■ Work required ■
Scan the records below for the line containing "This figure was" and the line containing "Varadha poses. |". Copy both, plus every line between, exactly.

■ Entries shown ■
_ _ _ _ _

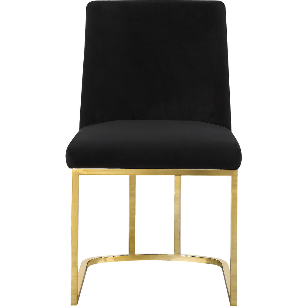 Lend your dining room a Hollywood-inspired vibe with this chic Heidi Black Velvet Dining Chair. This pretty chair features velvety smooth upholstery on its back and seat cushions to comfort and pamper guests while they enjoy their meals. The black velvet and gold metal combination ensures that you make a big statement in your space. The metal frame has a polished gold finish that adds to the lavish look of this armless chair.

_ _ _ _ _

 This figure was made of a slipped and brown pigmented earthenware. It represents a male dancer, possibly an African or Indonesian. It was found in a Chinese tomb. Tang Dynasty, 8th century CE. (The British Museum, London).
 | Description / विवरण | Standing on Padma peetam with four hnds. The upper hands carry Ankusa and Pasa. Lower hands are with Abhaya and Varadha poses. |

_ _ _ _ _

■ The completed task ■
 This figure was made of a slipped and brown pigmented earthenware. It represents a male dancer, possibly an African or Indonesian. It was found in a Chinese tomb. Tang Dynasty, 8th century CE. (The British Museum, London).
 | Description / विवरण | Standing on Padma peetam with four hnds. The upper hands carry Ankusa and Pasa. Lower hands are with Abhaya and Varadha poses. |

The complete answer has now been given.